Your eyes can catch the detail in brighter whites and darker darks simultaneously than your digital camera can.

Some day that will surely change. Not yet.

A photographer working in news, whether a still or video photographer, is limited in what he can do to his photo. The finished product should be a documentary representation of what was in front of the lens. The use of Photoshop and its pretenders is limited.

National Geographic got caught moving the pyramids closer together a few years ago. Obviously a no-no.

Other guidelines aren’t quite as easy because cameras and humans see differently! Your eyes can catch the detail in brighter whites and darker darks simultaneously than your digital camera can.

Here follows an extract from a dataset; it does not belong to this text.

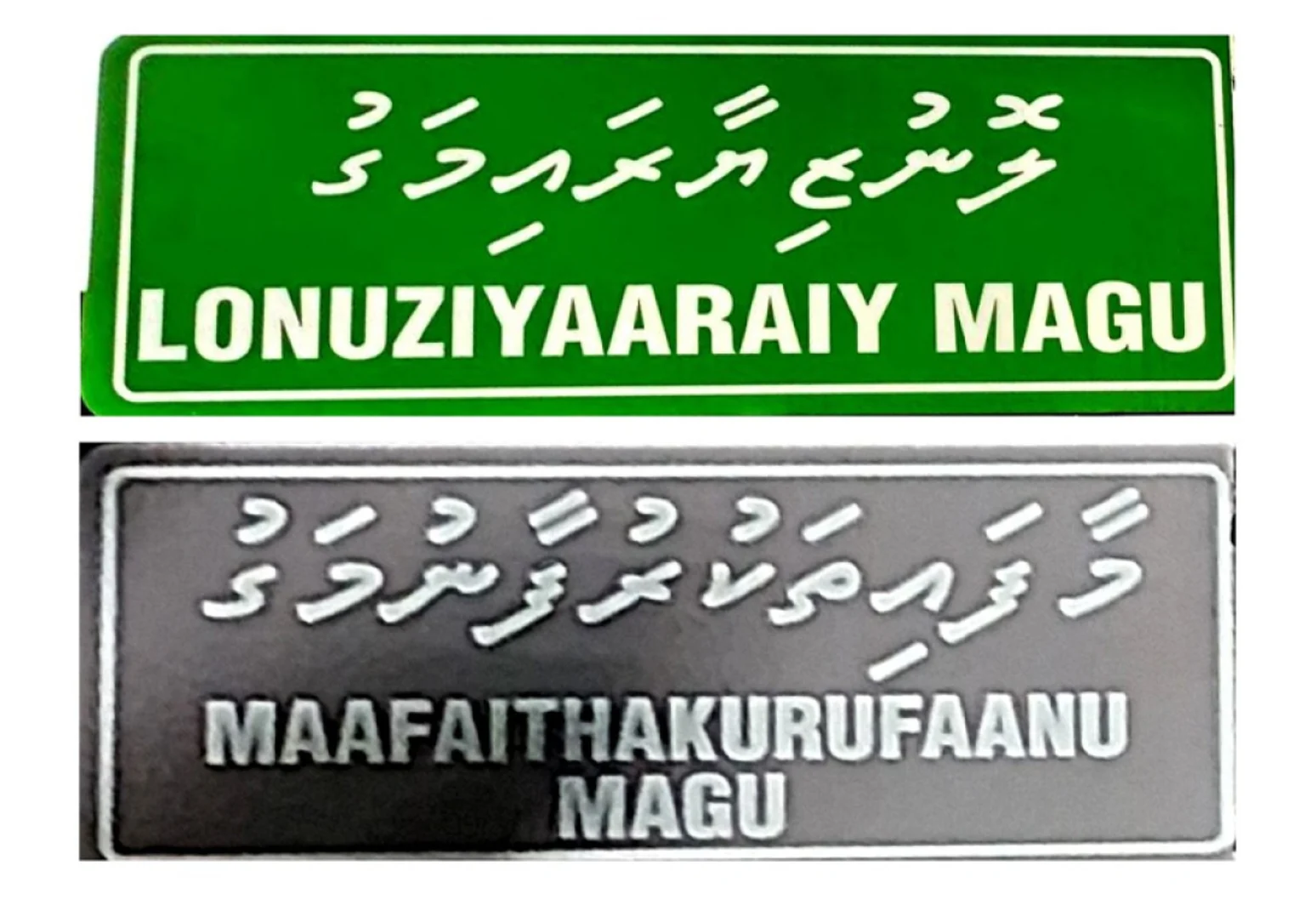 މި ނަންބޯޑުތަކުގެ ފޮޓޯތައް މީސް މީޑިއާގެ އެކި މަންސަތަކުގައި މިހާރު ދައުރުވަމުން އަންނައިރު، އެ ފޮޓޯތަކުން ފެނިގެންދަނީ ލޮނުޒިޔާރަތްމަގު އަދި މާފަތްތަކުރުފާނުމަގުގެ ނަން ނުބައިކޮށް ތާނައިން ލެޓިނުން ވެސް ލިޔެފައިވާތަނެވެ. އެގޮތުން ލޮނުޒިޔާރަތްމަގުގެ ނަން ލިޔެފައި ތާނައިން ލިޔެފައި އޮތީ ”ލޮނުޒިޔާރައިމަގު“ އަދި މާފަތްތަކުރުފާނުމަގުގެ ނަން ލިޔެފައި އޮތީ ”މާފައިތަކުރުފާނުމަގު“ މިހެންނެވެ.

Some day that will surely change. Not yet.

As a practical matter a properly exposed skyline will often have a blown out sky–whiter than its actual color and devoid of detail. If you take outdoor snapshots you’ve probably experienced the same thing where a sunny day is captured as bright gray.

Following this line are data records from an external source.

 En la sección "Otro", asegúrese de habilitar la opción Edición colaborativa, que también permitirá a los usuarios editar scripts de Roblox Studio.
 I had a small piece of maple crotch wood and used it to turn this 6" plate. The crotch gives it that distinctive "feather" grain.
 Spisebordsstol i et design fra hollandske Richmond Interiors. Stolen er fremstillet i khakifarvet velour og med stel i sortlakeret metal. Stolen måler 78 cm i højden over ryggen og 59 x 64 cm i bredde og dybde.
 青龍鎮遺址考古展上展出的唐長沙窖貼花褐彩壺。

Darks suffer a similar fate. Stands of trees or the detailed steelwork of the Verazzano-Narrows Bridge are lost in a blob of black.

A newspaper shooter is stuck. I am not! I take advantage of science and readily admit my finished photos often look better than real life and always look better than what came directly from the camera.

The Verazzano-Narrows shot (above) is a perfect example. I shot this bridge a bunch of times as our ship approached. No single image exposed everything properly. On top of that, I was on a moving ship so my perspective was constantly changing. I couldn’t use multiple shots differently exposed because each shot would ‘see’ differently.

I needed everything the camera’s sensors saw and got just that by using RAW files. Instead of compressing my image to a jpg (as most cameras do) my RAW file was saved just as it was sensed on the camera’s chip. The file was much larger, but it retained lots of detail–even if that detail couldn’t always be seen.

I brought the file into Photoshop and began selecting sections. I isolated certain shades of blue. I isolated areas where the luminance (brightness) was low. Now I could manipulate those sections without affecting the rest of the shot.

I brought up the bridge’s levels until the intricacy of the girders could be seen. Then I went back and deepened the sky color making it richer and giving the whole picture more contrast.

None of this would ever be done by a news photographer. It’s ethical poison. For my non-news artsy shots it doesn’t matter… at least it doesn’t matter to me!

It does make a difference in the final result. I think the finished shot is more pleasing and more like what I saw as we sailed under the bridge.

If I tried to pass this off in a newspaper or magazine they’d fire me.